Alan Senior's Pyramid Notes project confirms WebGL canvas libraries outperform DOM by 10x for visual collaboration tools. Real-world testing shows 60,000 unique cards render smoothly, 90,000+ crashes browsers. The findings matter for enterprise teams building Figma-style diagramming or note-taking platforms.

Developer pushes Pixi.js infinite canvas to 60,000 cards before performance breaks Photo by Polina ⠀ on Pexels

A developer building Pyramid Notes, an infinite canvas note-taking app, has documented the performance limits of Pixi.js for enterprise visual collaboration tools.

Alan Senior's testing shows DOM-based infinite canvases start lagging around 1,000 elements during zoom operations. Switching to Pixi.js (a WebGL canvas library) delivered 10x performance gains. His optimized implementation handles 60,000 unique cards smoothly, starts showing minor lag at 90,000, and crashes browsers past 95,000.
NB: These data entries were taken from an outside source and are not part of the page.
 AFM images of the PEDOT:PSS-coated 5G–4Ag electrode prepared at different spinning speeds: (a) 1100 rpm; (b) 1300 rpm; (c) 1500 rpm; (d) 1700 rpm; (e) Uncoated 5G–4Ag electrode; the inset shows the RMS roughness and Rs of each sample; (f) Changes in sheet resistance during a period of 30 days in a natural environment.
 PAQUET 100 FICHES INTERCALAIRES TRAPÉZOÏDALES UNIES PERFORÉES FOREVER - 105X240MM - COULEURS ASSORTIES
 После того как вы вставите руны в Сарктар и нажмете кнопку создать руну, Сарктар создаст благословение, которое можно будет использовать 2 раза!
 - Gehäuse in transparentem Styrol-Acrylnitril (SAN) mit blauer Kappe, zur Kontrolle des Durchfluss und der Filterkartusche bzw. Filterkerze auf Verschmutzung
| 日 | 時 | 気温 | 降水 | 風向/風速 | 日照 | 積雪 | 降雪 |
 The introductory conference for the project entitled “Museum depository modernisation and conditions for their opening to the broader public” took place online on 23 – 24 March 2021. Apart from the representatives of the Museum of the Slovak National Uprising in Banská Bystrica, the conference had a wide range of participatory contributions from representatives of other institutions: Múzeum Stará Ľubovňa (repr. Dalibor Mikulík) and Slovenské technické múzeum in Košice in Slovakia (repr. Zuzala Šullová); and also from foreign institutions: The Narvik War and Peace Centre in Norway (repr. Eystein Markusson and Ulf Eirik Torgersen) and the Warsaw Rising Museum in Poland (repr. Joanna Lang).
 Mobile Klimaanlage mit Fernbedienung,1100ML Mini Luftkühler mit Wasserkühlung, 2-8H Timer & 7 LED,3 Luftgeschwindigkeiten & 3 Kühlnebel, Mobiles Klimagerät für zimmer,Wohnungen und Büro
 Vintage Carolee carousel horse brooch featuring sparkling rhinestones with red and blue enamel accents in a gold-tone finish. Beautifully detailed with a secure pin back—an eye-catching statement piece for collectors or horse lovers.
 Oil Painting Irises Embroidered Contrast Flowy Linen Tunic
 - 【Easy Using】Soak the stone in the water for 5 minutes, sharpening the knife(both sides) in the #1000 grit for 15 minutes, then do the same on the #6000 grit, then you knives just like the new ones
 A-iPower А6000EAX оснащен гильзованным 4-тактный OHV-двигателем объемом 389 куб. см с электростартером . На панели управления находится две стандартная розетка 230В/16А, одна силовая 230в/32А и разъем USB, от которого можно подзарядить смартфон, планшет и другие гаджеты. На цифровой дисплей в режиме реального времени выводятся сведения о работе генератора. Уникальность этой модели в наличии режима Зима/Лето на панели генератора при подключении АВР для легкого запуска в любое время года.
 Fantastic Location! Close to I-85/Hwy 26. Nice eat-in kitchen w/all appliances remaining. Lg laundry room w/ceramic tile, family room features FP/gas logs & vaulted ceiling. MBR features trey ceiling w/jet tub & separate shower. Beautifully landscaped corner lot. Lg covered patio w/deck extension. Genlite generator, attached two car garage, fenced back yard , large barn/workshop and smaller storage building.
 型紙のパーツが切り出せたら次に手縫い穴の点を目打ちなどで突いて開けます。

The DOM approach feels sluggish even in well-optimized tools like tldraw at 1,000 cards. Senior suspects text rendering and shadow effects compound the problem. Canvas-based approaches skip fewer frames during the critical zoom range where users notice performance issues.

Why this matters: The visual collaboration market (Miro, Figma analogs) exceeds $10 billion. Enterprise teams building diagramming, whiteboarding, or knowledge management tools need performance benchmarks for technology choices. Senior's work confirms WebGL approaches are necessary past 1,000 elements.

The implementation details: Senior used AABB (axis-aligned bounding box) culling, level-of-detail states, and tree-based layouts instead of flat structures. He generated 170,000 unique "words" (random character strings) to avoid unrealistic cache optimizations from Pixi.js's internal text caching.

His expected user base: 1,000-10,000 notes average, 20,000-50,000 for power users. The structured mode (tag visualization) can duplicate notes across the tree, potentially requiring higher render counts than the manual freeform mode.

The tradeoffs: Getting to 100,000 cards requires sacrificing level-of-detail quality. Senior recommends warning users to filter results past 60,000 rather than risk browser crashes. Generating test data remains slow (300 random ProseMirror documents maximum per batch).

Further optimization through object pooling is possible but adds code complexity Senior considers unjustified for realistic use cases. The 60,000-card threshold already exceeds expected enterprise deployment scenarios by 3-6x.